Print exactly the lines from the one that contains "机加工后工件表面轮廓复杂,常" through the last line of the material, both included, and leave out all pictures.

## INFORMATION PROVIDED

········

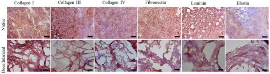 Immunohistochemical analysis (one lobe). Presence of collagens I, III, and IV and fibronectin, laminin, and elastin. Scale bar = 100 µm.
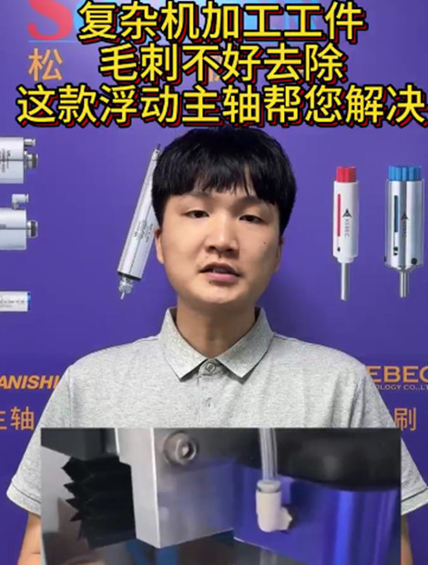 机加工后工件表面轮廓复杂,常规去毛刺方法难以去除,所以采用了我们这款浮动主轴 ,具有径向360°浮动,更好的自适应贴合加工面,使其不易过切。间接也使加工轨迹更好调整。
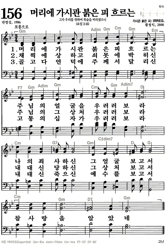 새찬송가_악보] 156장 - 머리에 가시관 붉은 피 흐르는 다운로드(고화질/인쇄용)

········

## ANSWER TO THE PROBLEM
 机加工后工件表面轮廓复杂,常规去毛刺方法难以去除,所以采用了我们这款浮动主轴 ,具有径向360°浮动,更好的自适应贴合加工面,使其不易过切。间接也使加工轨迹更好调整。
 새찬송가_악보] 156장 - 머리에 가시관 붉은 피 흐르는 다운로드(고화질/인쇄용)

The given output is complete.